The Smoke Test
{Looking for failure first}
Warren E. Berkley
Those who know me may remember I did my time in the service in the 1960’s as a musician in an Army band. You may think I got to get up everyday and blow my horn. Well I did. But in the military there are usually other things you have to do, by assignment, that may not be your primary specialty.
I was given the assignment of setting up recording equipment in the band hall for rehearsal purposes. We asked for an audio engineer but that requisition wasn’t fulfilled. We did receive a truckload of professional recording equipment. That consisted of a reel-to-reel tape deck, pre-amplifier, mixer, four mics, boom arms and pedestals, a couple of hundred feet of cable, an output amplifier and speakers. The shipment came in one afternoon. The old man assigned me and another soldier to assemble it all, to be ready for use the next day!
We stayed with the task all night long. I was a trumpet player. He was a flute player. There were no written instructions. That night we did something commonly called a “smoke test.” We would plug a cable in and see if smoke appeared. If there was no smoke, we would congratulate ourselves and try another connection. The problem with that method was (and is), where there is smoke there is … That’s right. Once there is smoke, something has been damaged already. After burning through a fuse and a couple of connectors, we finally got the sound room equipped with the recording gear and all was well.
This brings to the surface a common approach that needs analysis. When your first step is to see if something fails, you are already into risk territory. Our approach contained a high level of risk and revealed that we were (a) in a hurry and (b) were not well informed. While we didn’t burn up the equipment, our approach amounted to, “we don’t know if this will work, let’s see what happens.” That’s not high on any scale of wisdom or efficiency. But the “smoke test” lives on in many areas of life.
In marriage, singles may think and even say, “we don’t know if marriage will work for us, but let’s see how it works out.” In this case, smoke may mean divorce, with all the damage that ensues when that happens. This is a case like my experience with electronic equipment. The first step is to see if the relationship fails. There is a far better approach. Go way back to the beginning when marriage first started. Who instituted marriage? Shouldn’t He be consulted? Reading what God has said with humble submission to His superior will is far better than the smoke text. “We don’t know what will happen, let’s see if this works?” Let God tell you what ought to happen. (Matt. 19:1-9; Heb. 13:4)
In parenting, those who’ve not attended to wisdom may remark, “we don’t know how to do this, but we will rely on trial and error.” Such a “plan” demonstrates that the parents don’t really know what they are doing.

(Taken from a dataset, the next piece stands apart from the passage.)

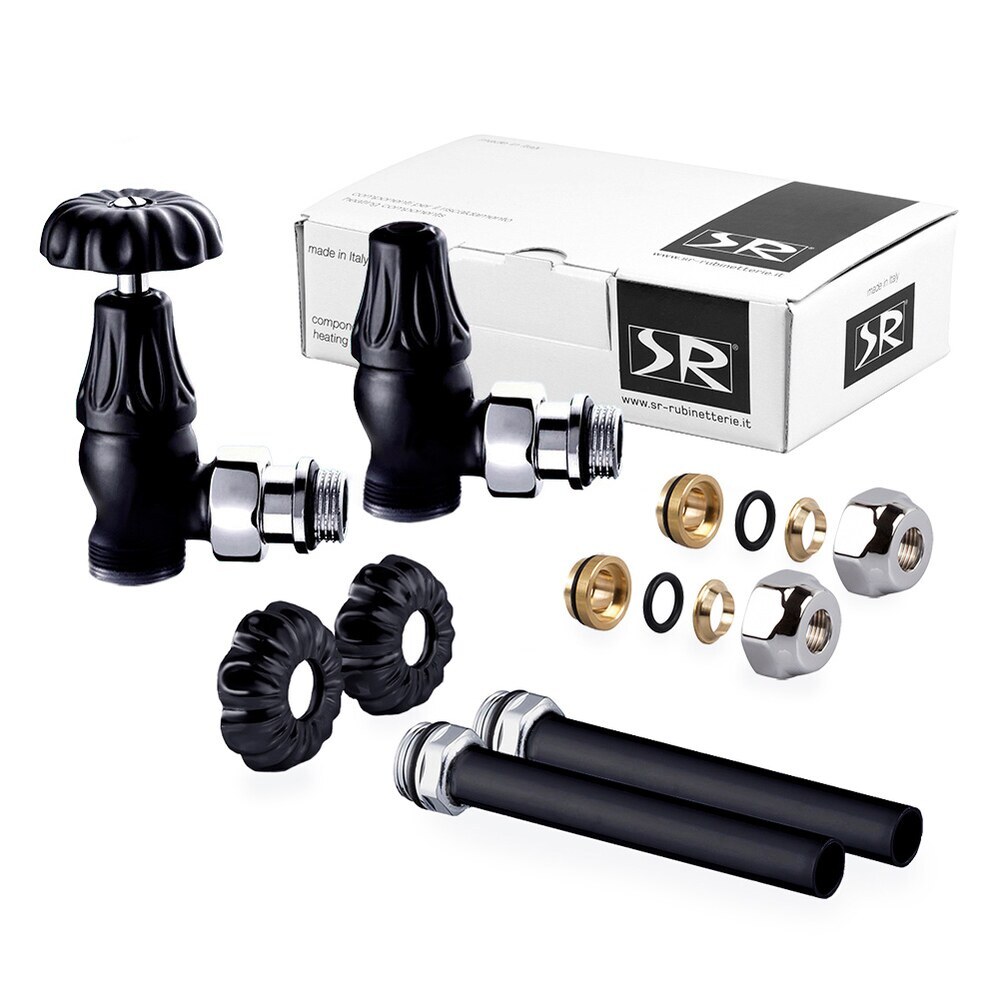 Комплект угловых вентилей SR Rubinetterie серия Floral Old Style, соединения для медных и многослойных труб. Трубки, изготовленные из латуни, имеют декоративные отражатели, которые по дизайну сочетаются с клапанами радиатора.

And “trial and error” does not generate trust in the hearts of children. Thoughtful and deliberate approaches to parenting can be accessed by opening God’s book. (Eph. 6:1-4)
In social media, there isn’t any doubt the “smoke test” has gained traction. “I don’t know if this is true. I’ll just post or tweet it and see what happens.” That’s a high level of risk that you are spreading misinformation (error). Altered photos pass through fiber-optic cables millions of times per second, and while no visible smoke may appear, the fire of falsehood is distributed and re-distributed. (Col. 3:9; Prov. 23:23)
Trial and error can lead to more trial and error! Read the instructions. Get help. It can all work without the “smoke test.”